Real Estate Developers Fail to Recover Premiums They Paid for Insurance for Projects They Never CompletedJune 30, 2011 |
Real estate developers obtained insurance for the construction and sale of homes they were building, primarily against claims of defective construction. The developers received $10 million of coverage on each of two projects and paid the insurer an “advance premium” of approximately $1.3 million. Due to the deteriorating real estate and credit markets, however, the projects were not completed. The developers informed the insurer that the projects had not reached the scope of construction anticipated when the policies were issued, and demanded that the insurer return the difference between the advance premium paid and the premiums they contended the insurer actually had earned.

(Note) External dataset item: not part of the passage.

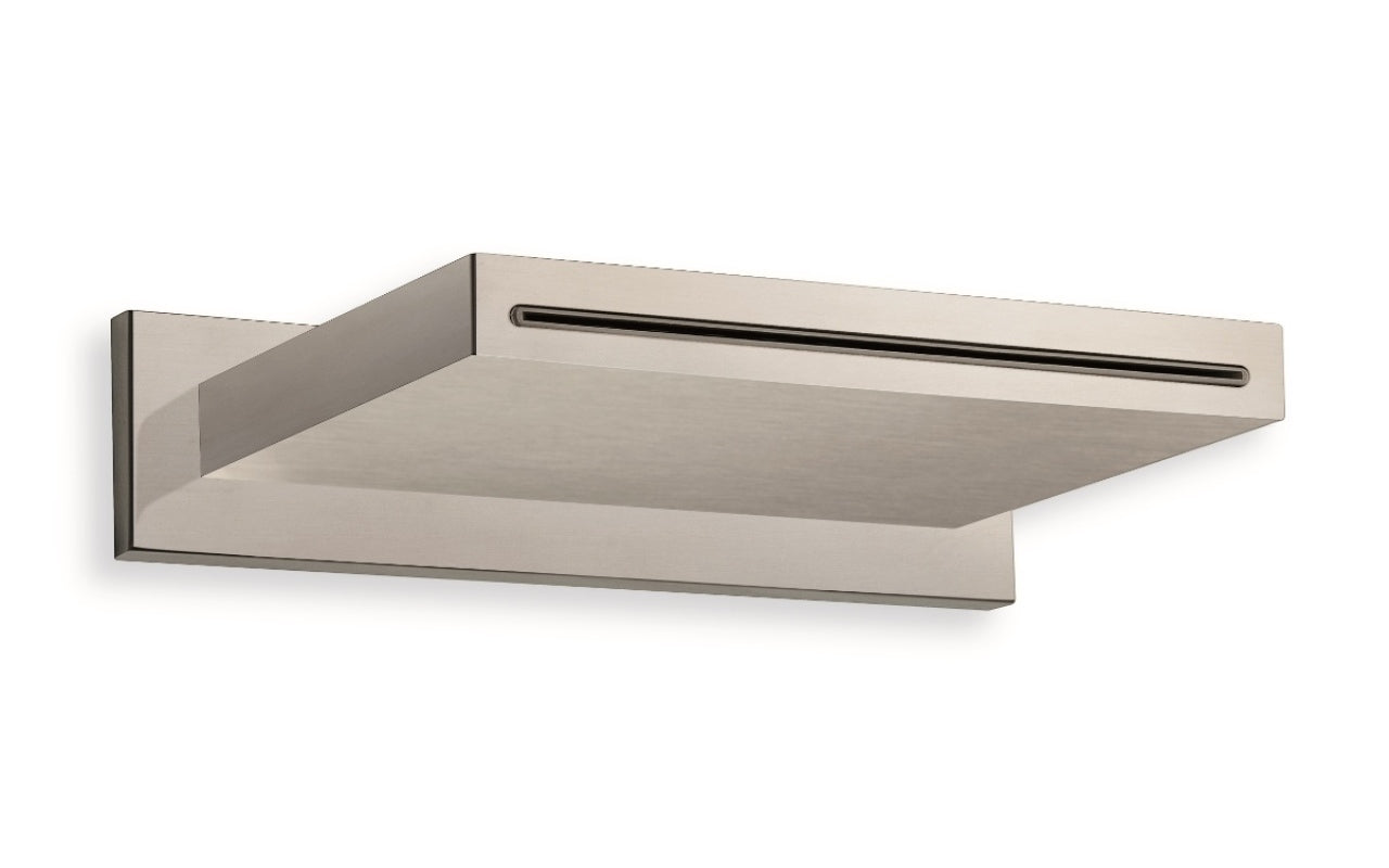 The Spring RC-235/140 Waterfall Shower is designed to deliver a sheet-style water flow from a compact rectangular format. Its mirror stainless steel finish contributes to a clean, reflective surface that aligns with contemporary bathroom designs.

After the insurer refused, the developers sued, arguing that they were entitled to recover some of the amount they had paid on the ground of “mutual material mistake of fact.” The insurer moved to dismiss.
In its decision, the court rejected the developers’ contention that the premiums were calculated based on the planned scope of each project, finding that the “unambiguous language of the policies” stated that the advance premium was not computed based on any rate or formula, but was a flat rate. In the court’s view, that negated the developers’ premise that the scope of project completion was a future contingency the parties had assumed in the calculation of the premiums.
Moreover, the court continued, the developers’ premise also was precluded by a policy provision that rendered the premiums non-refundable.
The court also rejected the developers’ argument that their inability to complete the projects caused a failure of consideration so as to warrant rescission or restitution. The court observed that the developers had not contended that they had not had the benefit of insurance coverage for the portion of each project they completed, and that one therefore could not reasonably infer that they received nothing at all from the insurer in exchange for the premiums. The fact that the insurance coverage turned out to be less valuable to the developers than anticipated did “not render the policies or their premium provisions unenforceable for lack of consideration.”
The case is Watermark Granite La Quinta, LLC v. American Int’l Specialty Lines Ins. Co., No. 10cv1011-L (CAB) (S.D. Cal. May 23, 2011).